All the leading Asian universities, particularly those in China, have a higher ranking than they did last year. Tsinghua University in Beijing rose from 35th to 30th; Peking University has gone from 43rd to 38th; and the University of Hong Kong is now ranked 39th, up three places from last year.

The National University of Singapore has climbed from 27th to 23rd place. The University of Tokyo has maintained its place as the eighth best in the world.

Phil Baty, rankings editor at Times Higher Education magazine, said there was a clear risk that UK universities, other than Oxford and Cambridge, would be “relegated from the premier league …in the eyes of the world, with tangible and sustained damage”.

“Perception is reality and it seems that we are perceived as a fading power,” he said. “Our data provides clear evidence that, in terms of prestige among academics around the world, there is the start of a power shift from the west to the east.”

Academics taking part in the survey have worked in universities for an average of more than 16 years and published several papers.

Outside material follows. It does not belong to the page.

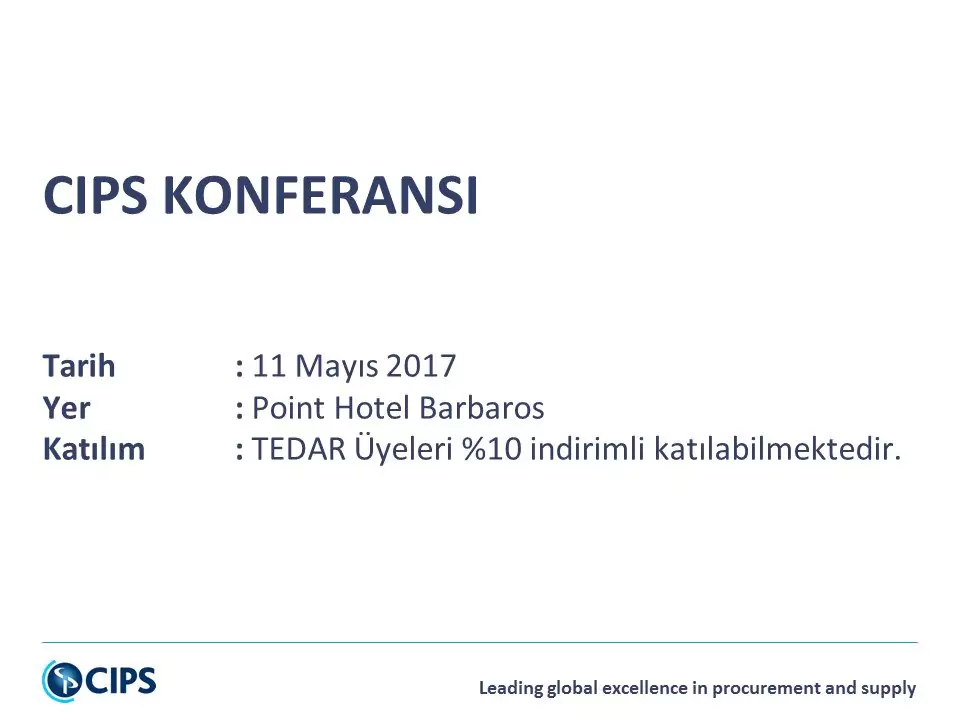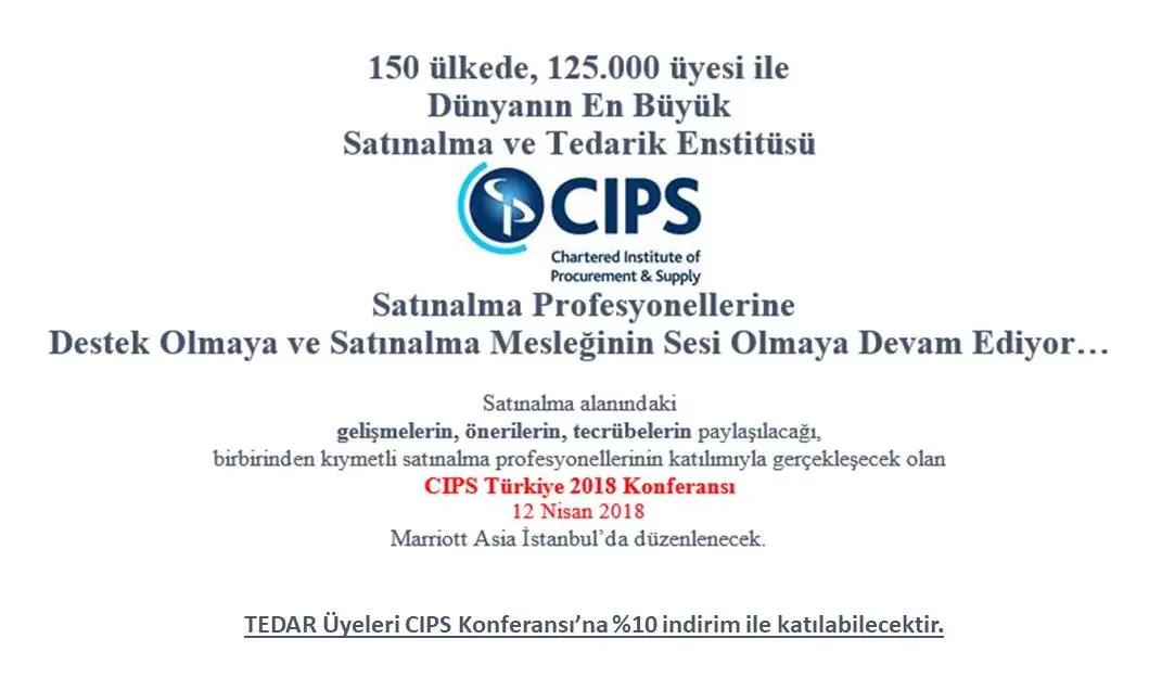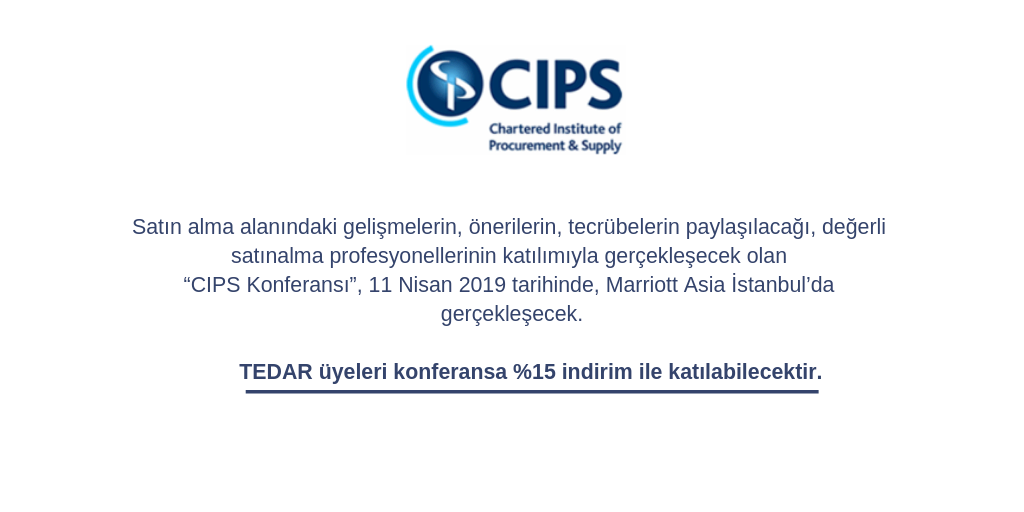 11 Mayıs 2017 tarihinde düzenlenecek CIPS Konferansı'na TEDAR üyeleri %10 indirim ile katılabileceklerdir.

There are several other league tables of the world’s universities, but this one only ranks institutions on their reputation. Universities are likely to use the rankings to judge how much they should charge in tuition fees.

Shabana Mahmood, the shadow minister for higher education, said:“While it is a sign of our strength that the UK is one of only four countries represented in the top 20 universities in the world, the government should sit up and take note of the relative decline of UK institutions compared to those in Europe, the far east and Australia.

“This is symptomatic of the chaos and confusion being created by the government as a result of their rapid changes to higher education. Trebling tuition fees and cutting funding to universities has damaged the promise of Britain and this has been reflected around the world.”